Чиновник. Еле убежать успел. А то бы совсем пропал. Да и так пропал. Если бы не это фото.

Ванзаров. Опишите ваш… недуг.

Чиновник. Зачем? А впрочем… Как хотите… Если вам так любопытно. Это начинается неожиданно. Совсем не там, где надо. Приходится спешить, чтобы спрятаться в укромном месте. Как вам описать это состояние?.. Словно окружающий мир замер, мягко вздрогнув, подернулся зыбью. В нем извиваются, струясь и волнуясь, улицы, лица, дома, тротуары, как отражения в ртутном зеркале, перемешиваясь мазками и пятнами. Длится это не дольше мгновения, яркого и глубокого. А когда возвращаются прежние обличья, когда свет и тьма разделяются, когда твердь под ногами встает тяготением, властный зов тянет за собой. Шутит и ласкает, шепчет и обманывает. Нет мочи ослушаться его. Хрустальным звоном манит. А потом взмывает до пронзительного свиста. И на пике, на пронзительной ноте подступает тишина, ватной глухотой окутывает и поглощает до последнего ноготка, до озноба, до кровинки. Целиком и навсегда. Вам этого не понять…

Ванзаров. Спасение одно: послать цветы и увидеть мать, как тогда.

Чиновник не отвечает, трет виски и часто дышит.

Ванзаров. Саквояж с принадлежностями при вас?

Чиновник швыряет кожаный баул. Ванзаров вынимает окровавленную простыню и парикмахерские щипцы в бурых пятнах. Слышен слабый запах хлороформа.

Чиновник. Полотенце и прочее там найдете… Говорите: спасение! Что вы знаете о спасении? Разве сможете понять, что, кроме муки, я таким наслаждением владел, какого вам никогда не понять.

Ванзаров. Расскажите.

Чиновник (с горечью). Расскажите! Это не рассказать, это пережить надо. Чтобы всеми чувствами испытать сладкий миг, когда она засыпает в твоих руках. А потом зовет за собой. Куда вам, среднему человечку, подняться до таких высот! Это удел и кара только нас, избранных. Нет наслаждения на земле сильнее моего страдания. После такого ни на жену, ни на прочих женщин смотреть не хочется… А знаете, что мне наибольшее удовольствие доставляло?

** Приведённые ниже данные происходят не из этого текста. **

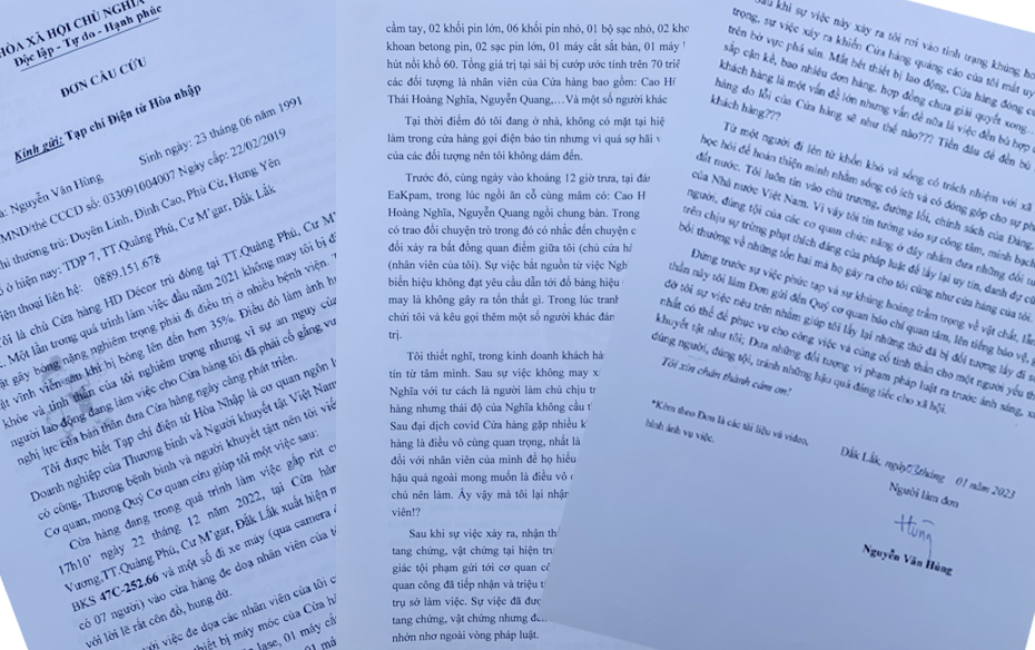 Đứng trước sự việc phức tạp và sự khủng hoảng trầm trọng về vật chất, lẫn tinh thần này tôi làm Đơn gửi đến Quý cơ quan báo chí quan tâm, lên tiếng bảo vệ, giúp đỡ tôi sự việc nêu trên nhằm giúp tôi lấy lại những thứ đã bị đối tượng lấy đi sớm nhất có thể để phục vụ cho công việc và củng cố tinh thần cho một người yếu thế, khuyết tật như tôi; Đưa những đối tượng vi phạm pháp luật ra trước ánh sáng, xử đúng người, đúng tội, tránh những hậu quả đáng tiếc cho xã hội.”

Ванзаров. Даже представить не могу.

Чиновник. Играть с вами, подманивать и отпускать. Словно мышку на веревочке дергать. Жаль, мало поиграли…

* * *

— Понимаю, что господин пострадал в детстве, — сказал Аполлон Григорьевич. — Но какого рожна мне было записки слать? Что, совсем слабоумный?

— Фа, зафем?! — согласился Коля, дожевывая эклер.

Пришлось долго прочищать горло, чтобы скрыть смущение.

— Может, в другой раз? — спросил Родион с невинным видом.

— Нет уж, не выкручивайтесь! — потребовал Лебедев. — Говорите прямо, как есть.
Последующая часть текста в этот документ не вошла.